Department of Statistics, Purdue University, West Lafayette, Indiana, USA.
Mol Cell Proteomics. 2012 Apr;11(4):M111.014662. doi: 10.1074/mcp.M111.014662. Epub 2011 Dec 21.
Selected reaction monitoring (SRM) is a targeted mass spectrometry technique that provides sensitive and accurate protein detection and quantification in complex biological mixtures. Statistical and computational tools are essential for the design and analysis of SRM experiments, particularly in studies with large sample throughput. Currently, most such tools focus on the selection of optimized transitions and on processing signals from SRM assays. Little attention is devoted to protein significance analysis, which combines the quantitative measurements for a protein across isotopic labels, peptides, charge states, transitions, samples, and conditions, and detects proteins that change in abundance between conditions while controlling the false discovery rate. We propose a statistical modeling framework for protein significance analysis. It is based on linear mixed-effects models and is applicable to most experimental designs for both isotope label-based and label-free SRM workflows. We illustrate the utility of the framework in two studies: one with a group comparison experimental design and the other with a time course experimental design. We further verify the accuracy of the framework in two controlled data sets, one from the NCI-CPTAC reproducibility investigation and the other from an in-house spike-in study. The proposed framework is sensitive and specific, produces accurate results in broad experimental circumstances, and helps to optimally design future SRM experiments. The statistical framework is implemented in an open-source R-based software package SRMstats, and can be used by researchers with a limited statistics background as a stand-alone tool or in integration with the existing computational pipelines.

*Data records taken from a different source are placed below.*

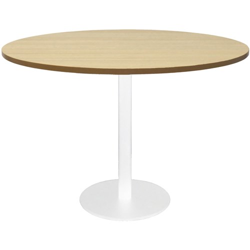 Rapidline Estillo Disc Base Round Table 1200D x 755mmH Oak Top White Base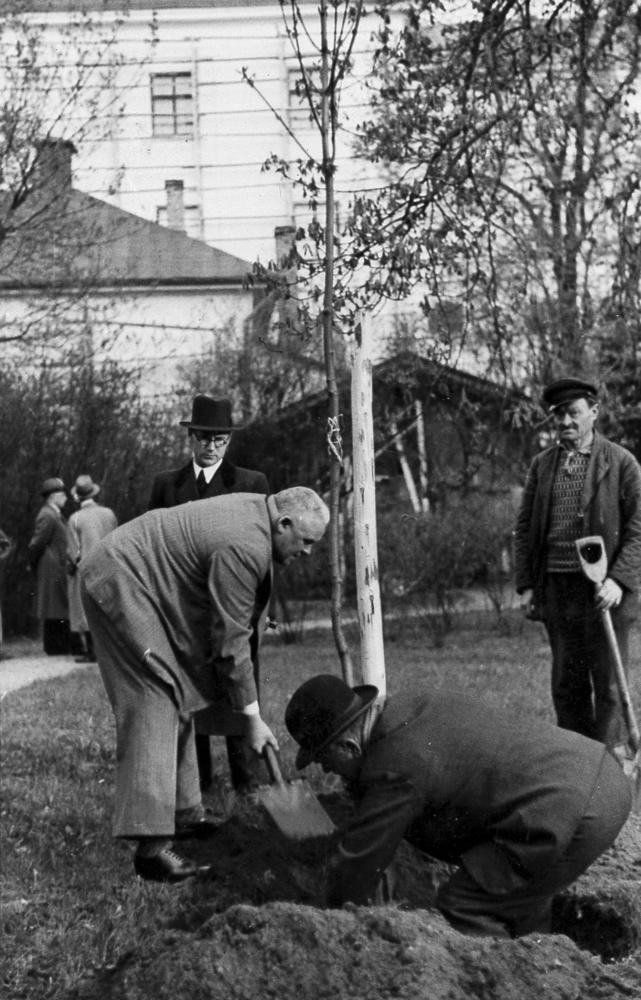 Latvijas Valsts un Ministru prezidents Kārlis Ulmanis stāda kļavu Rīgas pils dārzā. Priekšplānā no kreisās Kārlis Ulmanis. Fonā no kreisās: 1. Kārļa Ulmaņa sekretārs Jānis Cimmermanis (no 1939. gada Rudums), 2. pils dārznieks Zoltners.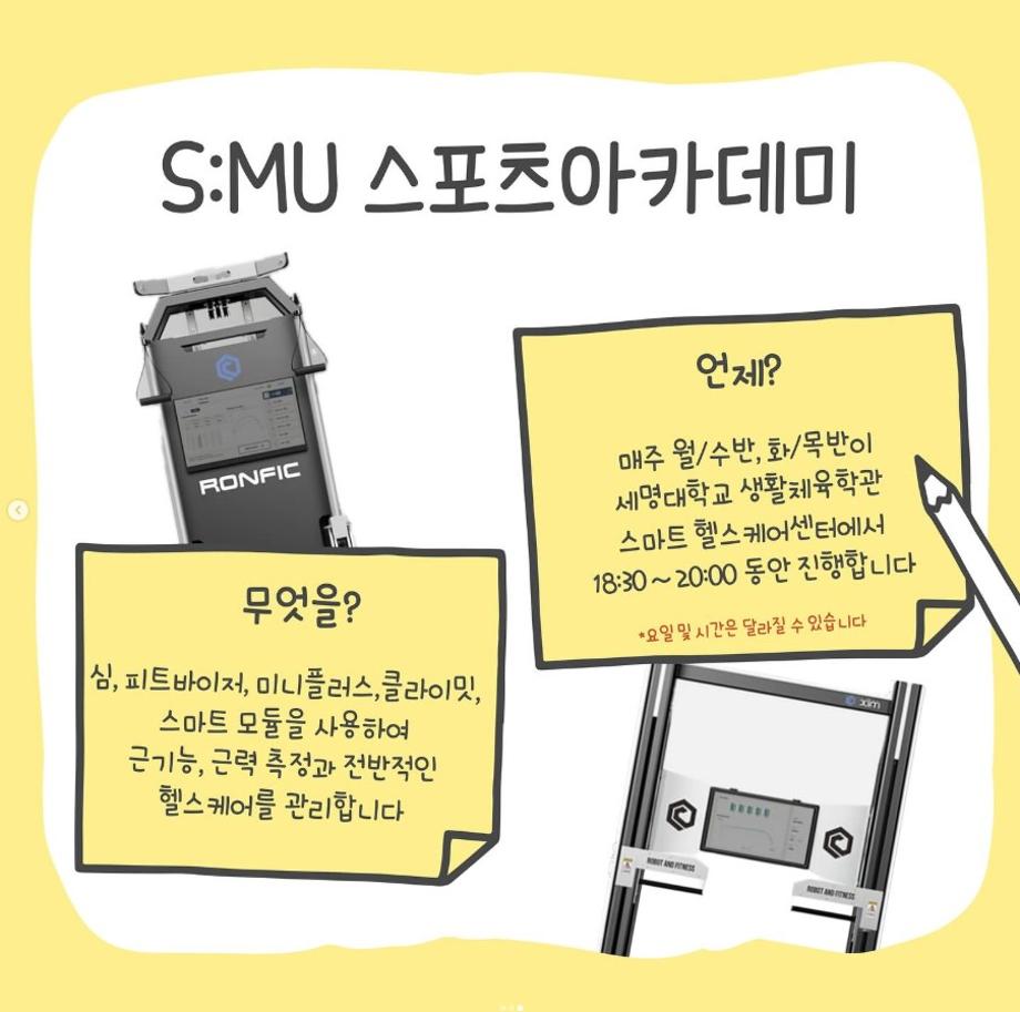 본문 시작 홈으로 커뮤니티SNS 학과소개 진로취업사례 입학안내 교육과정 커뮤니티SNS 홈페이지가이드 학과행사갤러리 학과공지 열린정보SNS 학과동아리 학과행사갤러리 학과MOU 학생회조직도 학과연혁 동문회조직도 학과행사갤러리 페이스북 트위터 프린트 S:MU 스포츠아카데미 AI 피트니스 소개 생활체육학과 2105 2025-07-31 S:MU 스포츠아카데미 AI 피트니스를 소개합니다👏🏻 AI 피트니스 장비를 통해 근력 향상뿐만 아니라 골프, 축구, 야구 등 다양한 스포츠 종목에서 접목시킬 수 있으니 관심 있는 학우분들은 참고 부탁드립니다⛳️⚽️⚾️ 더 자세한 내용이 궁금하시다면 학교 홈페이지를 방문해 주시길 바랍니다😊 목록 이전생활체육학과 제30대 학회장 선거 다음 전국 파라미타 청소년연합회 학과체험 담당부서 : 생활체육학과 담당자 : - 연락처 : 043-469-1289 최종수정일 : 2024-10-26 만족도조사 만족도 조사 이 페이지에서 제공하는 정보에 대하여 만족하시나요? 매우만족 만족 보통 불만족 매우불만족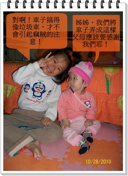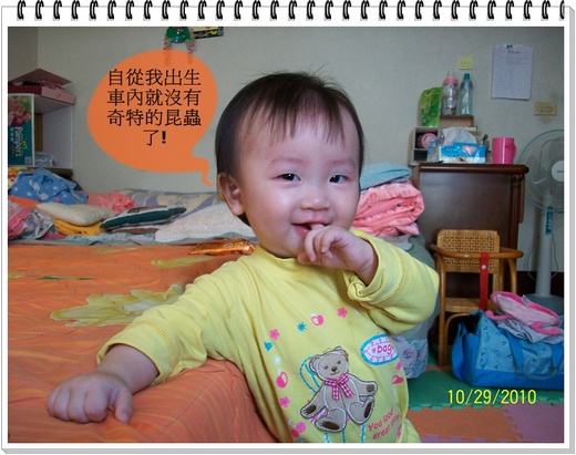 自從小女兒出生後,車子更亂、更髒、更可與垃圾車媲美了,但卻沒有再出現奇怪的昆蟲囉!或許是小女兒太過可愛囉!連昆蟲都不容侵犯呢!哈哈!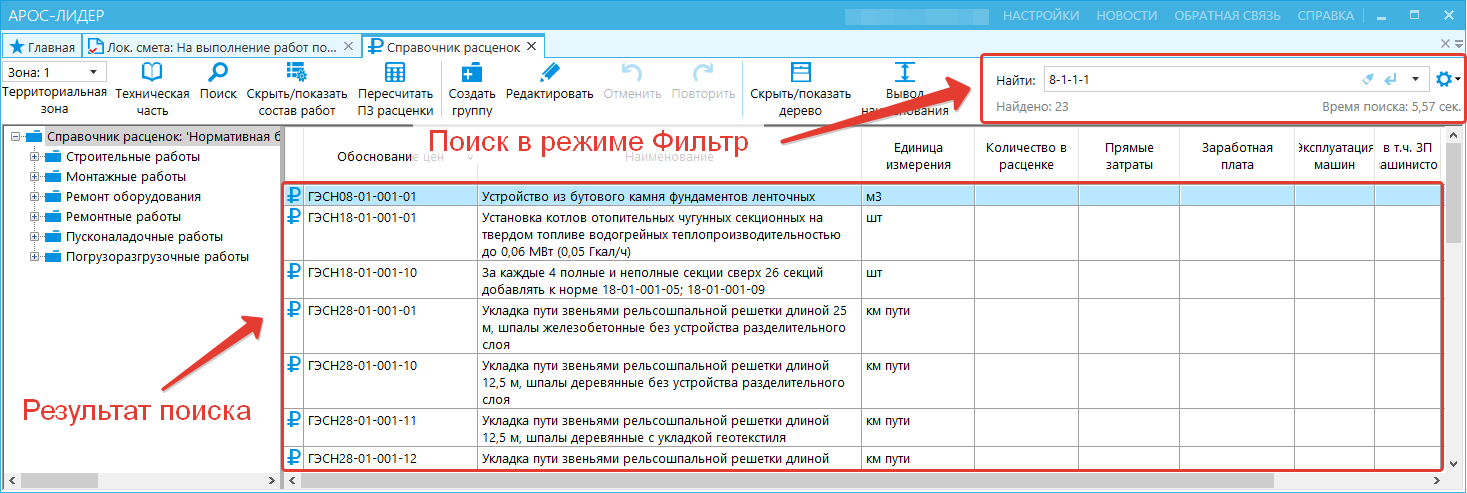 Добавлен поиск в режиме Фильтр, без открытия дополнительного диалогового окна. • Поиск выполняется сразу по короткому и полному наименованиям и обоснованию (коду) • Результаты поиска показываются сразу в окне справочника • В результаты поиска попадает первые 500 найденных строк. Если необходимо больше, то используйте окно «Поиск» • Панель поиска всегда расположена на верхней панели инструментов во всех справочниках программы • На ПК с несколькими ядрами в процессоре поиск в режиме Фильтр работает быстрее поиска через отдельное окно «Поиск». • Доступен в справочниках: -расценки -базовые материалы -базовые механизмы -кодификаторы -индексы -коэффициенты общей части (ранее поиска в справочнике не было) -коэффициенты демонтажа (ранее поиска в справочнике не было) -концовки (ранее поиска в справочнике не было)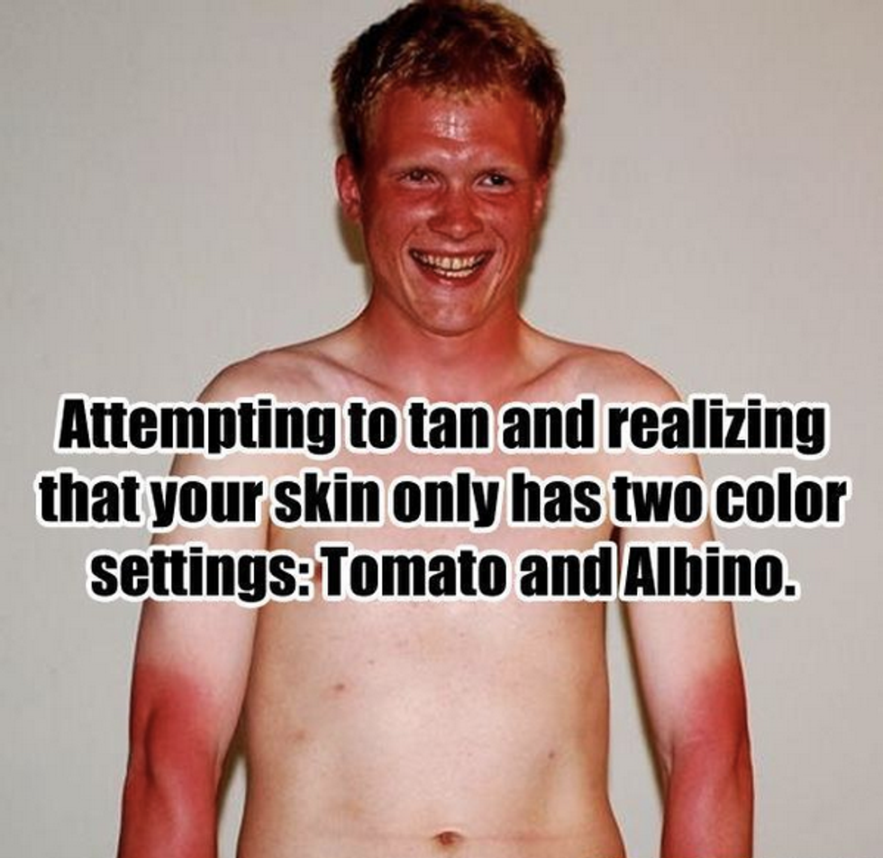 Ah, summer time. It's the time of late night bonfires, s'mores, and beach getaways. It's the time of firecrackers and barbecues. It's also the time of the dreaded outdoor tan. I'm a Triple P: a perpetually pale person. As a perpetually pale person, the social construct of tanning has always plagued me. I don't tan. You can pretty much ask anyone I know. It just doesn't happen. As the truest meme on the internet says, my skin only has two settings: tomato or albino.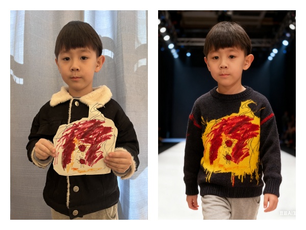 现场实录:今天开展设计毛衣的创意美术活动,晨晨在李老师创意美术的指导下,将自己的毛衣设计成了上面的样子,可以看出他对衣服的轮廓绘画的不是很清晰,在涂色是也没有将颜色涂满,于是我询问晨晨:“为什么颜色涂成这样的红色呢?”晨晨说:“太大了我来不及涂,我也不知道要涂哪些地方。”在了解完晨晨的作品之后,我还是帮助晨晨将设计好的毛衣通过AI软件,将“毛衣穿在身上”,生成好后给晨晨看,晨晨很高兴,还和大家开心的介绍起自己的毛衣:“你们看,我的毛衣穿在身上了,这样子的图案更加好看了。”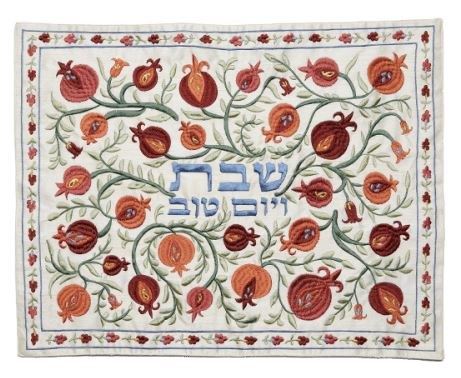 This challah cover is designed and produced by the Jerusalem artist Yair Emanuel. Pomegranates of different shapes, sizes and colors are embroidered on the challah cover. In Jewish tradition pomegranates are a symbol of blessing and abundance. The design was inspired by Suzani Persian embroidery. The material is a blend of cotton and polyester. In the center are the Hebrew words 'Shabbos V’Yom Tov'.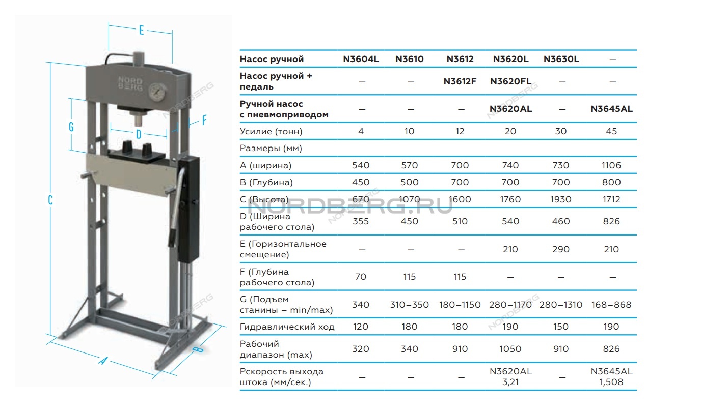 Гидравлический пресс NORDBERG ECO N3620L обеспечивает высокое усилие прижима благодаря качественной современной системе гидравлики с приводом ручного типа. Напольная модель не шатается и не опрокидывается благодаря устойчивой конструкции основания. Рабочий стол агрегата поддается регулировке по высоте (в станине предусматриваются многочисленные отверстия).

选择反应监测 (SRM) 是一种靶向质谱技术,可在复杂的生物混合物中提供敏感和准确的蛋白质检测和定量。统计和计算工具对于 SRM 实验的设计和分析至关重要,特别是在具有大量样本通量的研究中。目前,大多数此类工具都集中在优化过渡的选择和处理 SRM 测定的信号上。很少关注蛋白质显著性分析,它结合了跨同位素标签、肽、电荷状态、过渡、样品和条件的蛋白质定量测量,并在控制假发现率的同时检测丰度在条件之间变化的蛋白质。我们提出了一种用于蛋白质显著性分析的统计建模框架。它基于线性混合效应模型,适用于基于同位素标记和无标记 SRM 工作流程的大多数实验设计。我们在两个研究中说明了该框架的实用性:一个是组比较实验设计,另一个是时间过程实验设计。我们进一步在两个对照数据集上验证了该框架的准确性,一个来自 NCI-CPTAC 重现性研究,另一个来自内部掺入研究。所提出的框架灵敏且特异性高,在广泛的实验环境下产生准确的结果,并有助于优化未来的 SRM 实验设计。该统计框架在基于开源 R 的软件包 SRMstats 中实现,具有有限统计学背景的研究人员可以将其用作独立工具,也可以与现有的计算管道集成使用。